All settings live under Settings → SVG Support in your WordPress dashboard. Sensible defaults are in place — most sites only ever touch Advanced Mode.

Basic settings

SettingWhat it does
Restrict SVG Uploads to Select which user roles may upload SVG files. SVGs are XML code, so letting untrusted users upload them poses real security risks — keep this limited to administrators unless you know what you're doing.
Do not sanitize for these roles Roles selected here bypass SVG sanitization on upload. Only bypass for roles you fully trust — e.g. if a trusted designer's hand-crafted SVGs are being altered by the sanitizer.
Sanitize SVG on Front-end Sanitizes SVG output on the front end as well, adding defense in depth against XSS and injection attacks.
Minify SVG Automatically minifies every SVG on upload, shrinking file size.
Load frontend CSS Loads a very small piece of CSS that helps SVGs display correctly on the front end in some themes.
Enable Advanced Mode The gateway to inline rendering and the options below. You don't need it to simply use SVGs as images — leave it off unless you use the advanced features, since it adds a small JS file to your front end.
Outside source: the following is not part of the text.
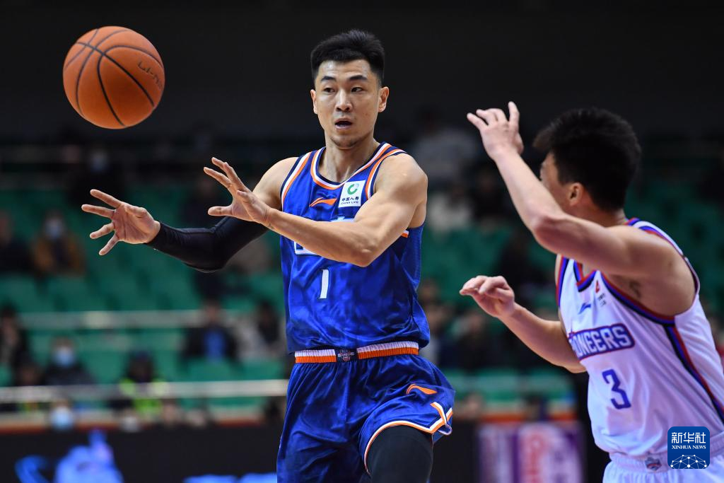 1月17日,天津先行者队球员罗切斯特(左)在比赛中传球。新华社记者 朱峥 摄

Advanced settings (visible when Advanced Mode is on)

SettingWhat it does
CSS Class to target The class the plugin looks for when swapping img tags for inline SVG code. Default is style-svg; set your own (e.g. inline-svg) if you prefer. The plugin traverses any depth below an element carrying the class.
Skip Nested SVGs When enabled, only the first SVG in a .style-svg container is inlined. Useful for Gutenberg Cover blocks that have SVG images nested inside them.
Output JS in Footer Enqueues the plugin's JS before the closing </body> tag instead of in the head. Footer is usually the right choice; requires your theme to call wp_footer().
Use Vanilla JS Uses the dependency-free vanilla JS file instead of the jQuery version.
Use Expanded JS Enqueues the readable, non-minified JS file — useful if a caching/minification plugin bundles and minifies your scripts externally.

Legacy settings

SettingWhat it does
Force Inline SVG Use with caution. Adds the target class to all img tags with SVG sources in the rendered HTML, inlining every SVG on the site. Handy when a page builder (e.g. Divi) won't let you add a CSS class to an image.
Automatically insert class (Classic Editor only) Inserts the target class into img tags automatically when you embed an SVG in a post, and strips the default WordPress classes. Only affects SVG files.

Danger zone

SettingWhat it does
Delete Plugin Data When checked, all of the plugin's data is removed if you uninstall it. Leave unchecked to keep settings through a reinstall.
In-dashboard help: the settings page also has a Help tab (top right of the screen) covering all of this, right where you need it.